The UN War Crimes Tribunal spokesman, Mr Paul Risley, insisted NATO was not immune to prosecution. "We're very sensitive to the allegation that any party would be exempt to our investigation," he told The Irish Times. "It's important to the tribunal that any party to the conflict falls within our scrutiny."

The basis of the Geneva Conventions is almost paradoxical: to bring law into war by stopping killing which has no military objective. NATO's bombing campaign was controversial because many of its targets were chosen not for their military capacity, but be cause bombing them would put pressure on the Milosevic regime to agree peace terms. These included power stations, oil plants and bridges far from the battle zone.

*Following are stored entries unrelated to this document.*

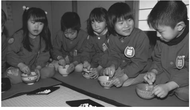
▼赤い毛せんに正座してお点前を体験しました

2月25日、湊幼稚園児17人が智積寺(湊)のお茶会に招待され、お点前を体験しました。 同寺では毎年ひな祭りを前に園児を招待してお茶会を開催。今年は更正保護女性会西淡支部会員も参加し、園児たちに手作りの茶菓子と抹茶を振る舞いました。 また、園児たちは同支部会員に教わりながら茶せんでお茶をたて、おいしそうに味わっていました。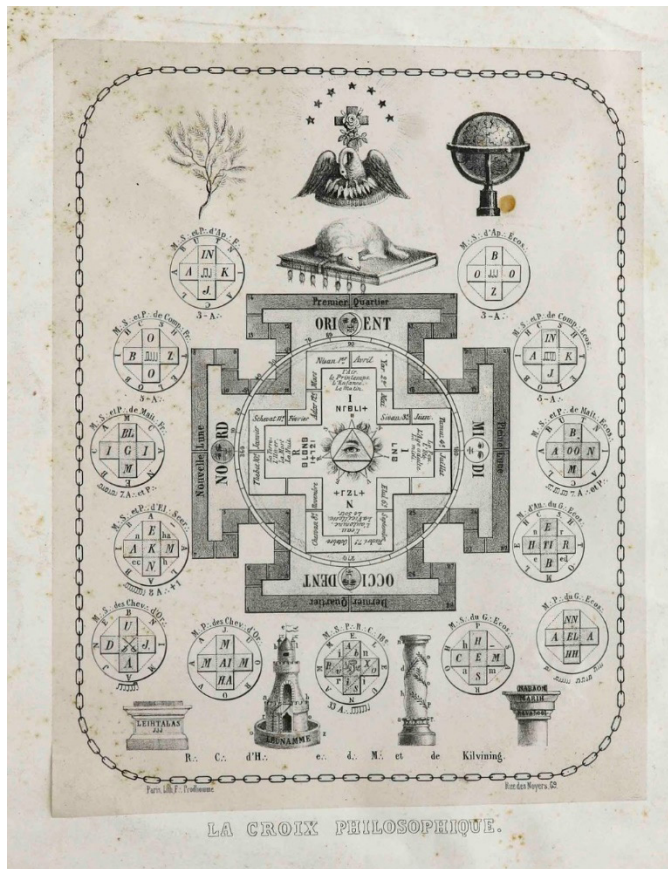
Figura 5: Cruz filosófica con diversos símbolos del grado rosacruz. Grabado litográfico. Siglo XIX.

vido objeto de estudio en los grados precedentes: ofrece una explicación simbólica de la escala de los siete grados, que recuerdan los elementos simbólicos y filosóficos esenciales, fijados en la época por el Régulateur du Maçon y por el Régulateur des Chevaliers Maçons 80 .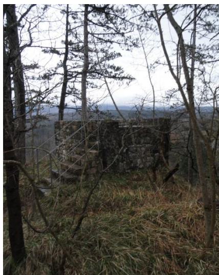
Škocjanske jame: razgledišče v Bošketu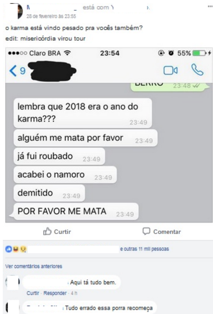
Figura 1 - Memória e o karma

Uma dinâmica desenvolvida no Vale, nos permite refletir acerca da memoração (FIGURA 1):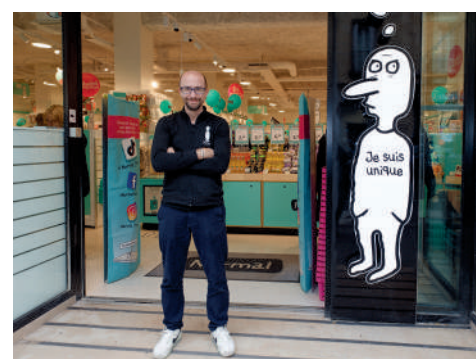
Normal, 23 rue Solferino. Produits d'hygiène et cosmétique, produits d'entretien, papeterie, confiseries et boissons.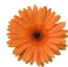
Orange with Dark Eye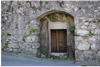
Porte d'accès à la vanne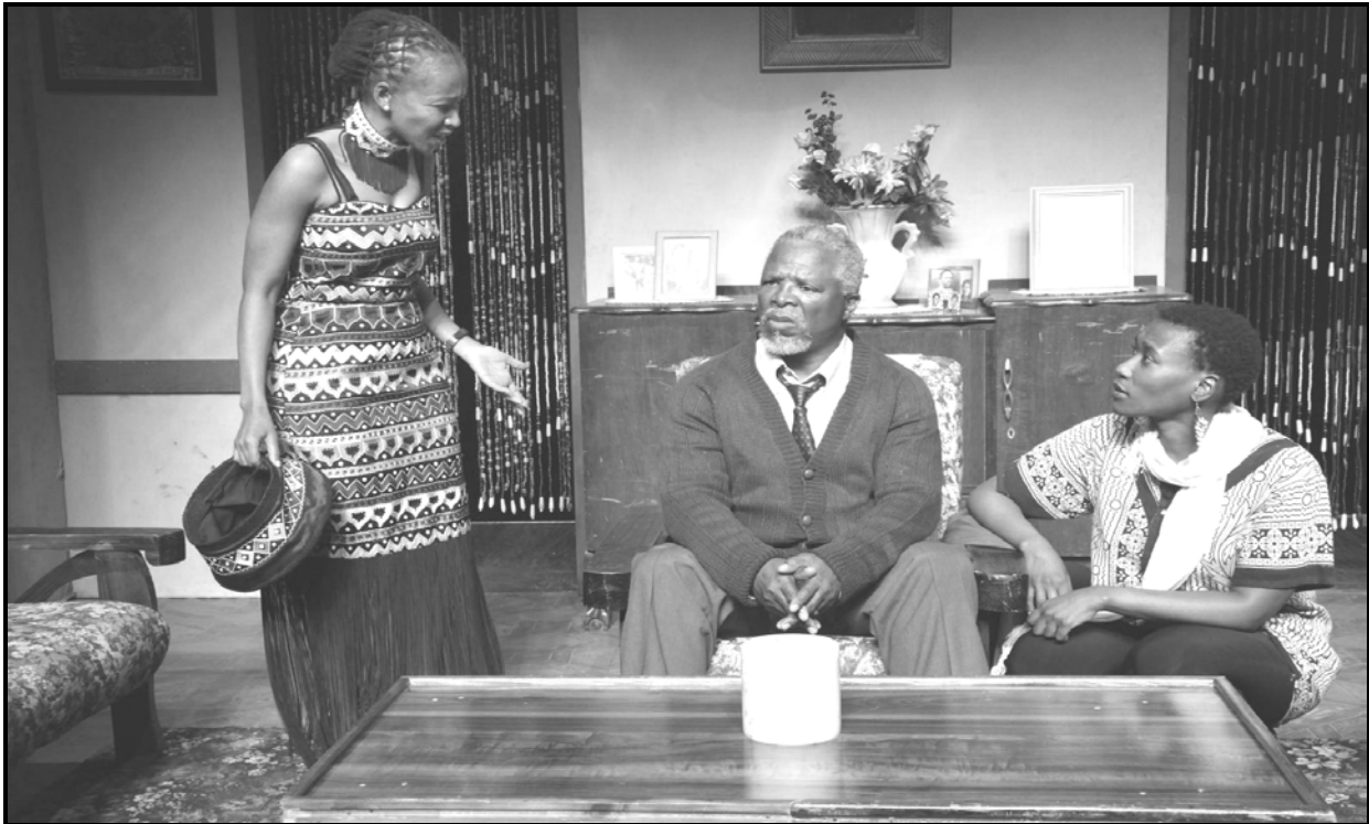
'n Produksiefoto van Nothing but the Truth wat die uittreksel in BRON B weerspieël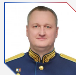
Юрий Веселов Врид руководителя ДИД Минобороны России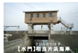
【水門】相良片浜海岸

東日本大震災において、水門・陸閘等の現場操作員が多数犠牲となりました。海岸関係省庁（農林水産省及び国土交通省）は、この教訓を踏まえ、 現場操作員の安全の確保を最優先とし、水門・陸閘等の操作を確実に実施できる管理体制の構築に資するため、本年1月より「水門・陸閘等の効果的な管理運用検討委員会」を設置し、検討を行ってまいりました。 （別紙1）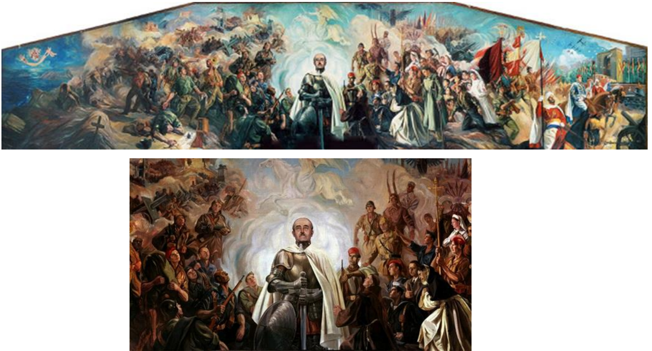
Figura 10) Mural "Alegoría de Franco y la Cruzada" de 1948 Arturo Reque Meruvia; detalle mural Franco.

A la obra Arturo Reque Meruvia de lleno la cita de Palacios (2011):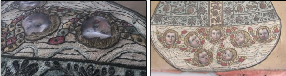
Fotografías No. 5 y 6. Izquierda, deformación del plano del óleo sobre tela, derecha, decoloración del soporte, parte inferior del bordado que se encuentra debajo del marco.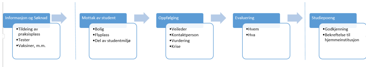
Figur 2: Modell på studentprosessen inn

Vi har delt studentprosessen inn i 3 faser, hva som foregår før mobiliteten, under oppholdet inklusiv evaluering og i etterkant. Hver del starter med å gi en skjematisk oversikt over hva som blir gjort på de ulike utdanningen, deretter blir utfordringene drøftet før vi kommer med noen anbefalinger.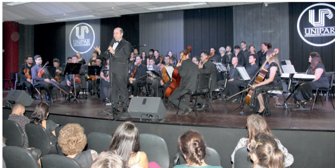
Sociedade cascavelense prestigia Série de Concertos na Unipar

finlandeses, entre outros. As óperas e as músicas clássicas falaram de amor, liberdade que exigem os que amam, meditação, superação, profundidade e tristeza.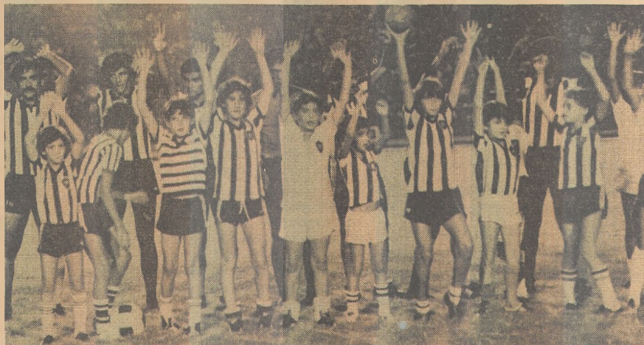
No Botafogo, já não se vê mais alegria. E a decisão vem aí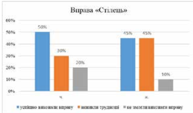
Графік 3. Графік результатів вправи «Стілець»

стимулюючи природне тремтіння простим і безболісним чином, звільнячись від глибокого хронічного напруження в тілі, породженого шоком або травмою.

Some diplomats say the tribunal must be more public about its investigations - given the suspicion that NATO will not be prosecuted because NATO nations pay most of the court's bills. "Western democracies can only maintain the moral high ground if they are ready to open themselves up to examination after the event," said Mr Duncan Bullivant, author of a forthcoming report on Kosovo for London's Centre for European Reform.

"There were aspects of the NATO campaign against Yugoslavia that were in breach of accepted norms of warfare, the greatest example being the bombing of the TV station. NATO deliberately targeted unarmed civilian non-combatants, that's the bottom line," he said.